▶ **YOUR GOAL**: Give the lines again exactly as they appear below, from the line with "These photos, provided" to the line with "Ontario Electronic Road", both included, and only those lines. Leave every picture out.

─── PROVIDED RECORDS ───

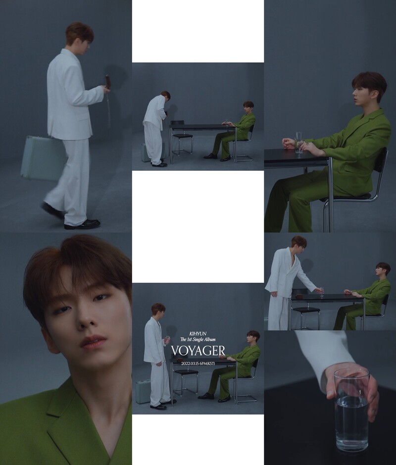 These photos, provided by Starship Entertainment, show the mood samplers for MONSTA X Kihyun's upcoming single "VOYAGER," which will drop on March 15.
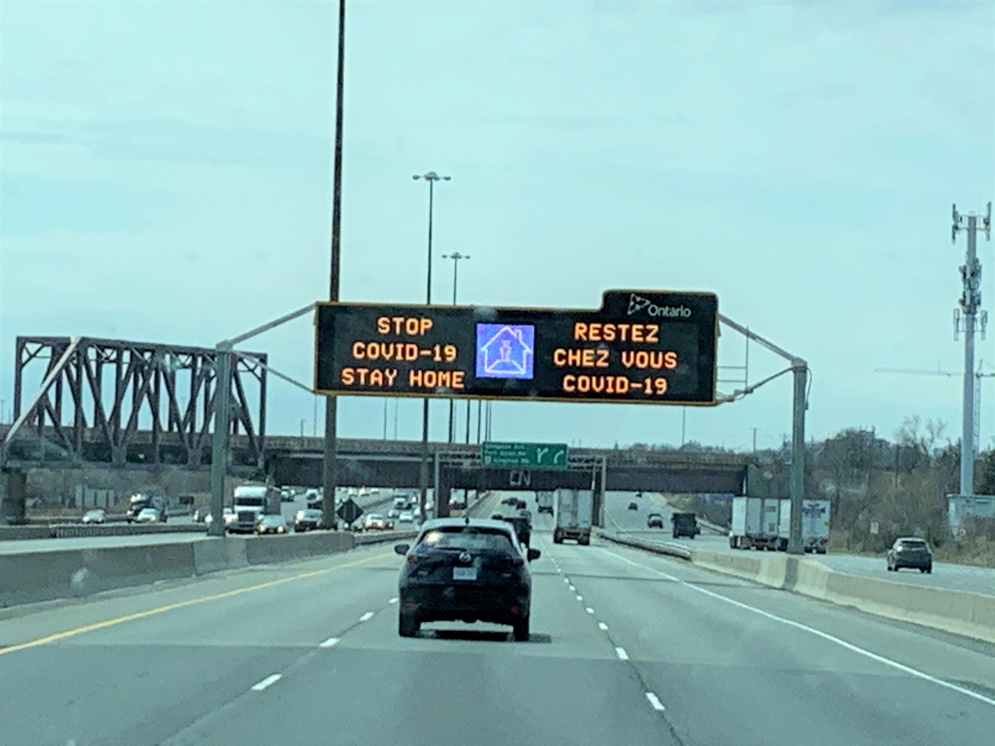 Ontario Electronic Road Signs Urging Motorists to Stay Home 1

───
─── PROVIDED RECORDS ───

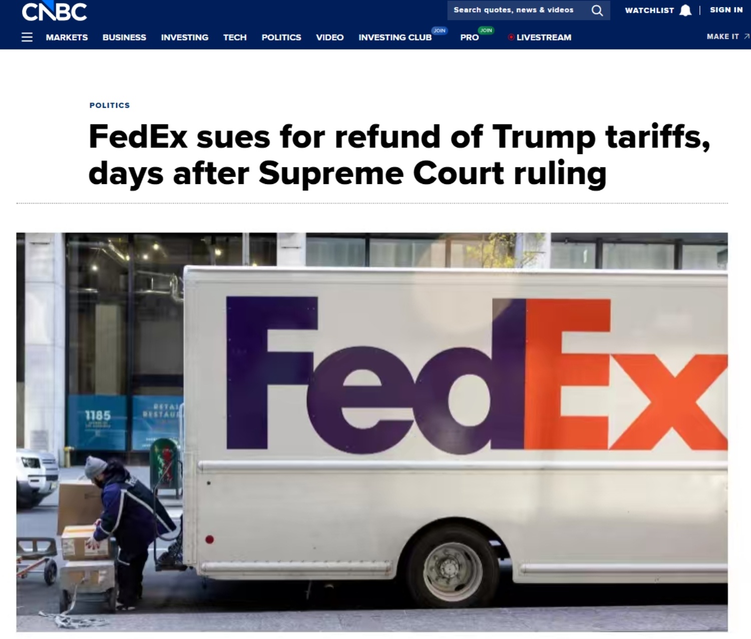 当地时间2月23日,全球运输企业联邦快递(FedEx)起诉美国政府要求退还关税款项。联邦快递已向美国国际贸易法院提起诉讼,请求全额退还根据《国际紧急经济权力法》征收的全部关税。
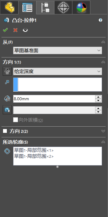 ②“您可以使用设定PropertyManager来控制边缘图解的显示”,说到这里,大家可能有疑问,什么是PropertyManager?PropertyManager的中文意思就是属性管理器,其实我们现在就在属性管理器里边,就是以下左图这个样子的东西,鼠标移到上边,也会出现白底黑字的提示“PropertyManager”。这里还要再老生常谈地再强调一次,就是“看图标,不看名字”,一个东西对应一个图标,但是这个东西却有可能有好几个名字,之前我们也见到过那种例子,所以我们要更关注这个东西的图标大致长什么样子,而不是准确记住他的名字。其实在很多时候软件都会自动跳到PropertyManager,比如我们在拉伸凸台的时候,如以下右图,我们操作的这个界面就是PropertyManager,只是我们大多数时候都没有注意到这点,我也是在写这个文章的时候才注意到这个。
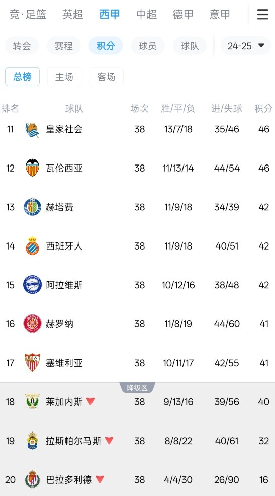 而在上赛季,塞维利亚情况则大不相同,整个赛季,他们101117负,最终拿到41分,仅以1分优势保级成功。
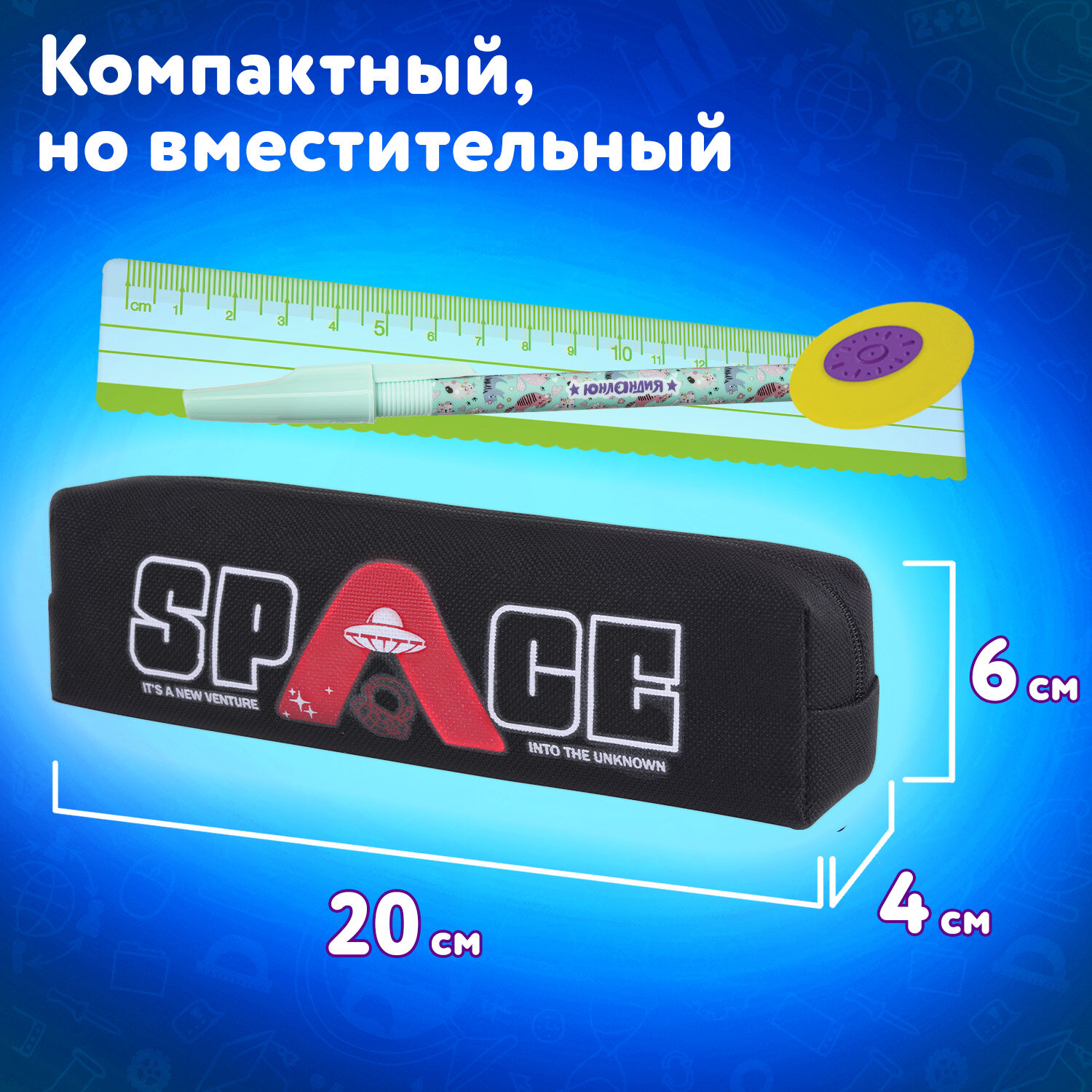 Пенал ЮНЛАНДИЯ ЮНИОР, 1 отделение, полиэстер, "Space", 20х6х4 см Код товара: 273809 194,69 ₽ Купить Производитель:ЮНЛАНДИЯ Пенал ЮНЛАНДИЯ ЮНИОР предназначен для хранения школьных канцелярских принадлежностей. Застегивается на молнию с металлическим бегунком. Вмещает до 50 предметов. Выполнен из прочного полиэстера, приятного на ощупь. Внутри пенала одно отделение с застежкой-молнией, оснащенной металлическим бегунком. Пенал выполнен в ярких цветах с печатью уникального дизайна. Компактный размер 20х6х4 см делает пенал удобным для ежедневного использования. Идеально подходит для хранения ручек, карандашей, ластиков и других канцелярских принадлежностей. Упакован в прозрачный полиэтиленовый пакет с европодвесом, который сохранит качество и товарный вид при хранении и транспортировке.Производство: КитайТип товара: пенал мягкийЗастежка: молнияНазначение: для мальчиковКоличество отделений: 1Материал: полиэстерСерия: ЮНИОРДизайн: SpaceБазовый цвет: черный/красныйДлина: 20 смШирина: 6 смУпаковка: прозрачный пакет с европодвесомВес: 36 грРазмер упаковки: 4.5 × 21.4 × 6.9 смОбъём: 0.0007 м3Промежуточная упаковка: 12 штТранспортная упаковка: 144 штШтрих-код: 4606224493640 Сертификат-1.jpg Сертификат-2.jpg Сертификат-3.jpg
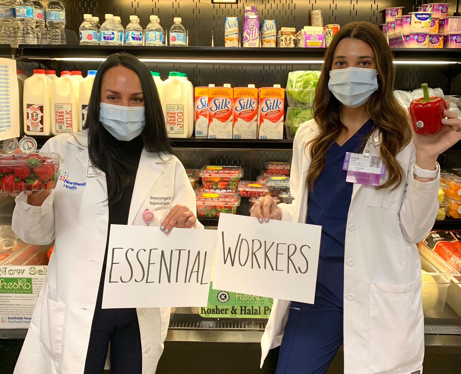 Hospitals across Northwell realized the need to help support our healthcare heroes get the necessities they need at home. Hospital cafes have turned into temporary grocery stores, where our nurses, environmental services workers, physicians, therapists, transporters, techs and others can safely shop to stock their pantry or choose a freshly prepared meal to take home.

───

▶ **RESPONSE AREA**:
 These photos, provided by Starship Entertainment, show the mood samplers for MONSTA X Kihyun's upcoming single "VOYAGER," which will drop on March 15.
 Ontario Electronic Road Signs Urging Motorists to Stay Home 1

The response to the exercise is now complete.